Synergies with parent Dell Technologies are also leading to bigger, more-integrated deals. The companies achieved a $1 billion synergy goal well in advance of the expected 3-year time frame, proving the market momentum they generate as a unified force, Gelsinger said.

VxRail, a hyper-converged offering, and the Workspace ONE endpoint management platform are key components of the joint efforts.

"They're becoming this powerful partner across our geos, across market segments," Gelsinger said of the relationship with Dell, which recently became a publicly traded company once again.

Recent VMware acquisitions are playing critical roles in expanding VMware's capabilities and footprint.

On the management front that's critical to supporting a multi-cloud posture, last year's CloudHealth acquisition is at the forefront of that vision.

VeloCloud, delivering SD-WAN capabilities, is proving integral to VMware's networking capabilities.

And the recent deal for AetherPal will enhance Workspace ONE by simplifying the ability to manage workforce devices.

VMware also recently closed its acquisition of Heptio, which will immediately enhance its capabilities around Kubernetes, increasingly a focal point for the company, Gelsinger said.

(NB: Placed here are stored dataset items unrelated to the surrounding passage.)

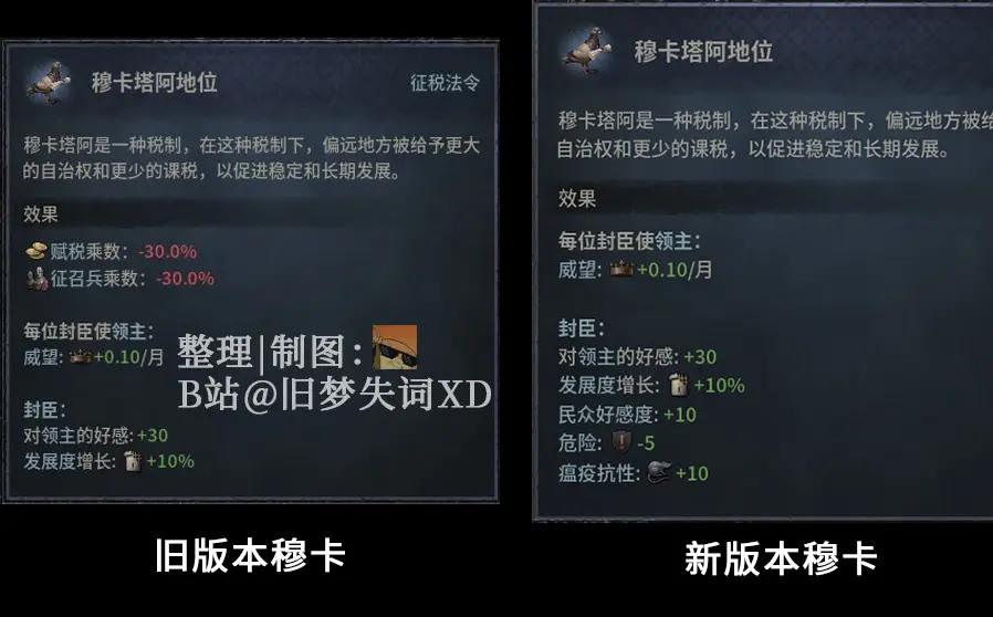 穆卡塔阿則有原來各30%的懲罰,改爲每位封臣使領主0.1每月威望加成。同時還提高了封臣的民衆,危險和抗疫能力。
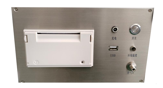 背面由充電口、開關(guān)鍵、USB接口、環(huán)境溫度、出氣口、微型針式打印機組成。
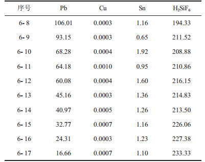 从表 4可以看出, 阴极铅的品位随电解周期增加略有下降, 但从整个试验过程来看, 影响阴极铅质量的主要杂质元素为锑、锡, 由于后续有除锑、锡工艺, 因此阴极铅质量的波动并不影响铅锭质量, 实践证明, 试验产出的阴极铅经碱性精炼工序后浇铸出来的铅锭牌号仍为高纯铅LME。
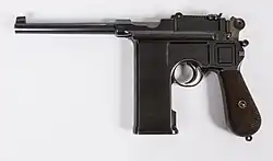 | Luger P08 pistol | Deutsche Waffen und Munitionsfabriken Mauser-Werke | 9×19mm Parabellum | Wehrmacht Luftwaffe Waffen-SS | The Luger P08's production was taken over by Mauser after World War I.[8] | [9] |
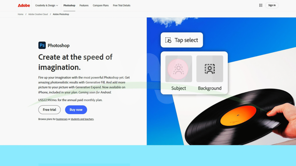 Adobe Photoshop is available on subscription, and it offers a free trial to get started.
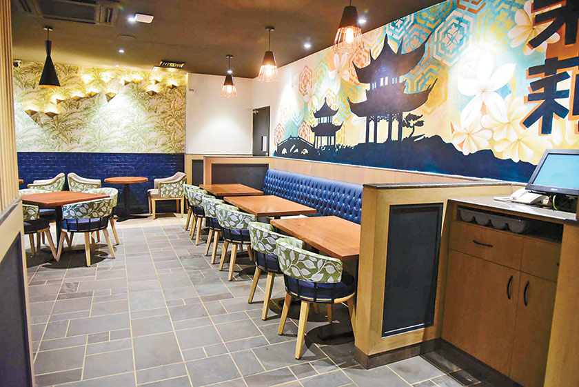 As far as the interior design is concerned, it is designed on contemporary lines with a touch of vintage elements. A lot of blue has been used while doing up the place; even the huge paintings with Chinese scriptures, which adorn the walls of the bistro, have various shades of blue that give a lively feel. As for the flooring simple grey tiles have been used so as to keep the emphasis on the vivid colours of the furniture. Wooden tables and chairs in contrasting hues of green, blue and beige have been placed strategically allowing enough space to move around. Also, comfortable sofa seatings and traditional elements such as Chinese vases give the place an energetic and welcoming vibe.
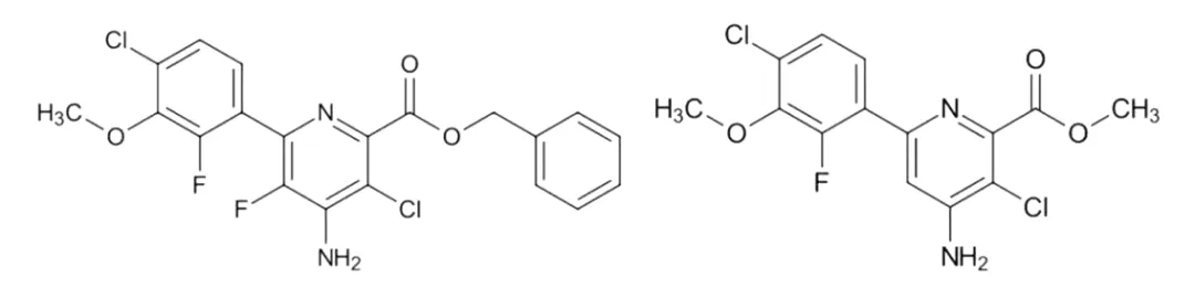 氯氟吡啶酯和氟氯吡啶酯(halauxifen-methyl)化学结构非常相似,两者共享同一化合物专利保护。
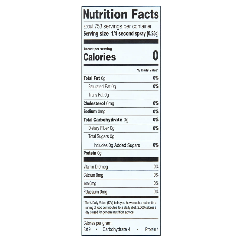Dầu đậu nành*, Lecithin đậu nành, Dimethyl Silicone (Để chống tạo bọt). CHỨA: ĐẬU NÀNH. Cũng chứa chất đẩy để phân phối bình xịt. * Thêm một lượng nhỏ chất béo.

VMware looks to become a major player in the Kubernetes market with a "three-layer cake" approach as it promotes further standardization of that technology, he said.

The Kubernetes thrust involves Heptio; PKS, which adds VMware's NSX network virtualization to Pivotal's Kubernetes management platform; and, for customers that want a "more-opiniated development environment", Pivotal's Cloud Foundry Platform-as-a-Service.

"All three we will bring into a common technology stack where they can grow up into a complete solution," Gelsinger said.

Further supporting cloud-native development projects, VMware will be building out solutions around the open source Istio service mesh project, he said.

This story has been updated to correctly state annual revenue.